The cost of dynamic vs. static dispatch in C++ - mekishizufu
http://eli.thegreenplace.net/2013/12/05/the-cost-of-dynamic-virtual-calls-vs-static-crtp-dispatch-in-c/
======
pslam
A big extra cost of virtual functions in the underlying CPU not mentioned in
the article: they effectively create a branch target dependency on a pointer
chase. Put another way:

1) The virtual function address lookup requires a load from an address which
is itself loaded. If neither location is cached, this has the unavoidable
latency of two uncached memory accesses. Even at best, this incurs two cached
L1 accesses, which is about 8-16 cycles on modern architectures.

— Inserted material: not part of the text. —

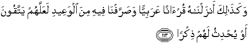 113. Dan demikianlah Kami menurunkan Al Quran dalam bahasa Arab, dan Kami telah menerangkan dengan berulang kali, di dalamnya sebahagian dari ancaman, agar mereka bertakwa atau (agar) Al Quran itu menimbulkan pengajaran bagi mereka.
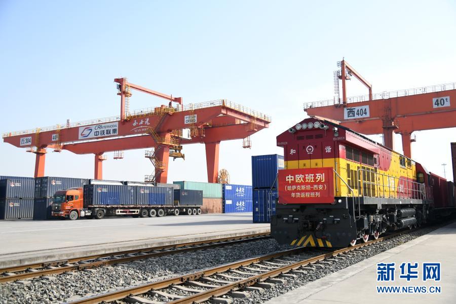 当日,满载着49车“洋年货”的X9020次中欧班列抵达中国铁路西安局集团有限公司新筑车站,这是2021年从哈萨克斯坦开出后抵达西安的首趟中欧班列(西安)年货返程班列。这趟班列装载有面粉、食用油、蜂蜜、糖果等丰富的年货产品。

2) The function call itself is dependent on the final address loaded above.
None of that can proceed until the branch address is known. If cached, all is
good and the core correctly predicts execution of a large number of
instructions. Best case, the core may still block predicted execution shortly
after due to running out of non-dependent instructions, until it knows for
sure the address it should have branched to. Worst case, the branch can't
proceed until the two memory accesses access.

In any case, nearly all of this is dwarfed by the cost to the compiled code
itself: in most cases you can't inline, so simple transformations which could
eliminate the function call altogether can't happen.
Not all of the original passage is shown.